----- Source material

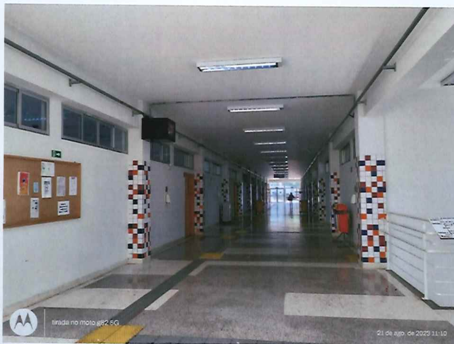
Figura 2: Corredor do Bloco I, sala do CEP
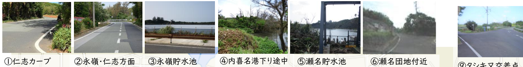
①仁志カーブ ②永嶺・仁志方面 ③永嶺貯水池 ④内喜名港下り途中 ⑤瀬名貯水池 ⑥瀬名団地付近
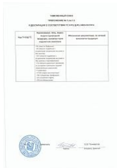
Декларация ТР ТС 032 на сосуды 1-й и 2-й категории Приложение 2
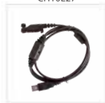
Cavo di programmazione USB PC152
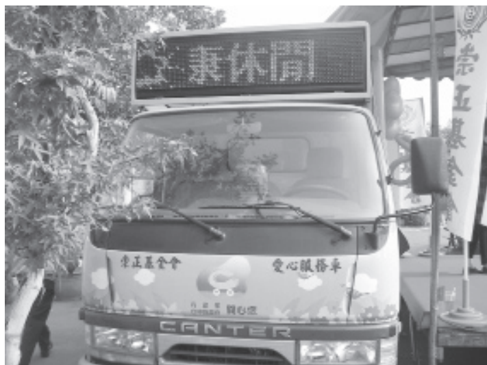
▲ 一貫道崇正基金會愛心服務穿越大街小巷。

我成長、增強年輕人欠缺的社會責任感，藉由服務及工作技巧，牽引更多青年參與志工服務，建立良好的社會價值觀。一貫道崇正巡迴車的內容含括廣泛：生活照顧、關懷問安、友善訪視、適應環境及人際關係等諮詢服務、心理輔導、醫療護理、衛生保健、防癌健康操，更增加多元化的：下棋、文藝、詩詞吟唱、話劇表演、園藝教學，讓老人更健康快樂的生活。
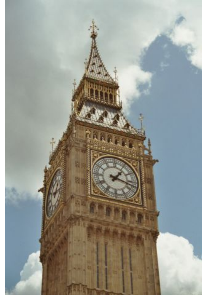
Биг Бен г. Лондон Великобритания
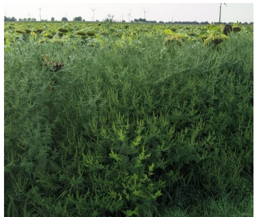
Ragweed mit Blütenständen vor Sonnenblumenfeld im August
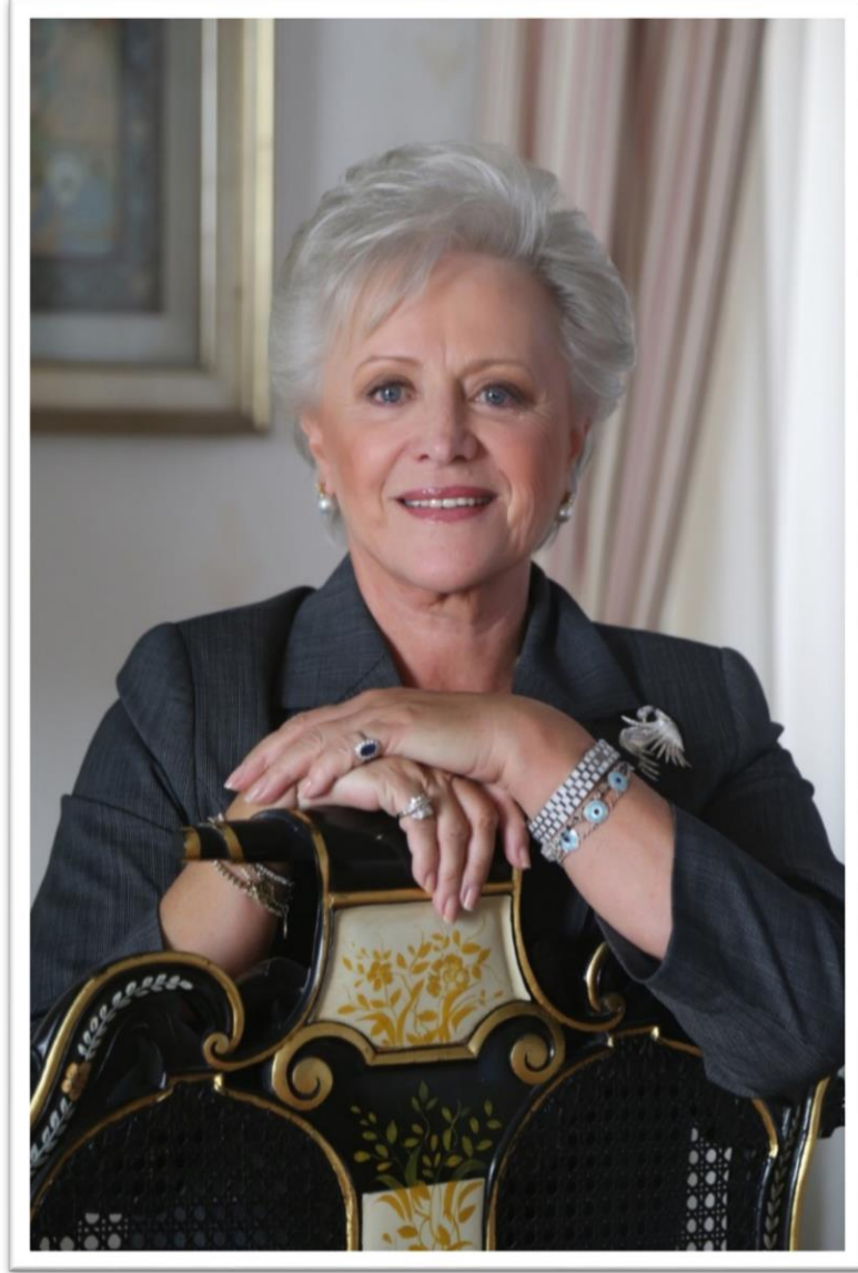
صاحبة السمو الملكي الاميرة منى الحسين المعظمة رئيس المجلس التمريضي الأردني
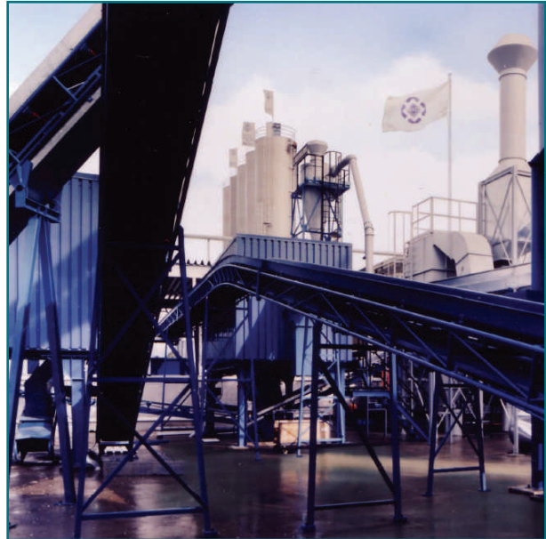
Planta de reciclaje VEKA UT, en Behringen, Alemania

La tecnología de reciclado con la que opera esta planta ha sido completamente desarrollada por VEKA y es un ejemplo del buen hacer, como lo puso de manifiesto la Dirección General XIII de la Comisión Europea (Medioambiente) durante una visita a las instalaciones.
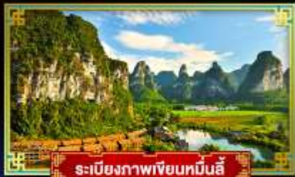
ระเบียบภาพเขียนหมินอี
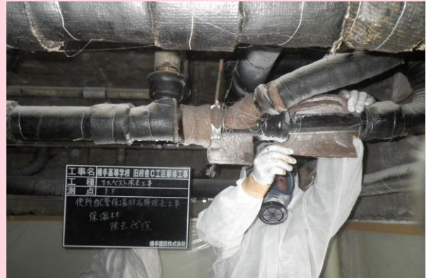
石綿レベル2 配管保温材除去
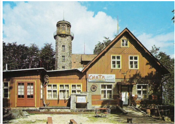
Ansichtskarte von 1990
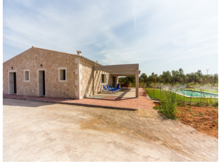
Zufahrt zur Finca
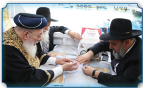
ההכנות לקראת חילול המטבעות

חובת הביעור של נטע רבעי הוא רק על הנטיעות ששייכות לשנים א-ג, אולם אותם שחנטו בשנה הרביעית יתבערו בשביעית, ואותם שחנטו בשנה השביעית מתבערים בשנה הרביעית הבאה, וכן העיקר הלכה למעשה (כמו שביארנו בספרי עץ השדה על הל' ערלה ונט"ד בפ"ג סעי' כז).
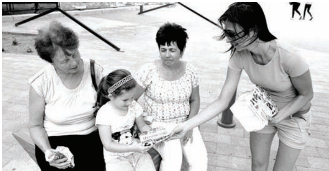
A fiatalok körében az egyik legnépszerűbb nyárimunka a szórólapozás

Évről évre egyre több diák dönt úgy, hogy a szünidőt - vagy annak egy részét - munkával tölti, ezért ismét aktuális a diákok foglalkoztatási szabályainak áttekintése.
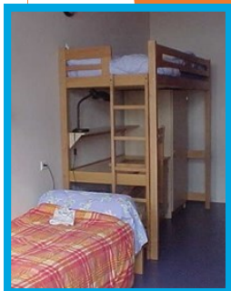
L'internat et le foyer
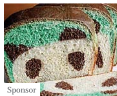
Sponsor VIDEO: 4 distruttori della digestione (evitare) (Corpo Perfetto)
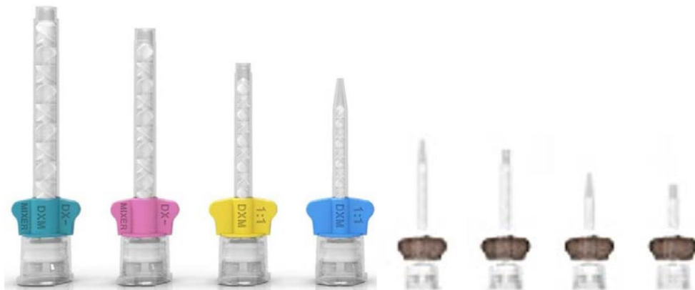
Figura A: puntali di miscelazione oggetto dell'ingiunzione
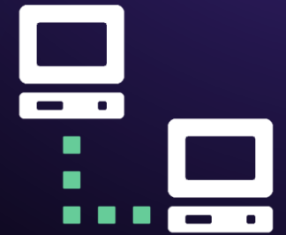
Réseau (Routeur, Switch, Wifi, Téléphonie)

----------

Repeat the lines above exactly, beginning with the one containing "我成長、增強年輕人欠缺的社會" and finishing with the one containing "A fiatalok körében". No pictures belong in the copy.

• _Exercise result_:
我成長、增強年輕人欠缺的社會責任感，藉由服務及工作技巧，牽引更多青年參與志工服務，建立良好的社會價值觀。一貫道崇正巡迴車的內容含括廣泛：生活照顧、關懷問安、友善訪視、適應環境及人際關係等諮詢服務、心理輔導、醫療護理、衛生保健、防癌健康操，更增加多元化的：下棋、文藝、詩詞吟唱、話劇表演、園藝教學，讓老人更健康快樂的生活。
Биг Бен г. Лондон Великобритания
Ragweed mit Blütenständen vor Sonnenblumenfeld im August
صاحبة السمو الملكي الاميرة منى الحسين المعظمة رئيس المجلس التمريضي الأردني
Planta de reciclaje VEKA UT, en Behringen, Alemania

La tecnología de reciclado con la que opera esta planta ha sido completamente desarrollada por VEKA y es un ejemplo del buen hacer, como lo puso de manifiesto la Dirección General XIII de la Comisión Europea (Medioambiente) durante una visita a las instalaciones.
ระเบียบภาพเขียนหมินอี
石綿レベル2 配管保温材除去
Ansichtskarte von 1990
Zufahrt zur Finca
ההכנות לקראת חילול המטבעות

חובת הביעור של נטע רבעי הוא רק על הנטיעות ששייכות לשנים א-ג, אולם אותם שחנטו בשנה הרביעית יתבערו בשביעית, ואותם שחנטו בשנה השביעית מתבערים בשנה הרביעית הבאה, וכן העיקר הלכה למעשה (כמו שביארנו בספרי עץ השדה על הל' ערלה ונט"ד בפ"ג סעי' כז).
A fiatalok körében az egyik legnépszerűbb nyárimunka a szórólapozás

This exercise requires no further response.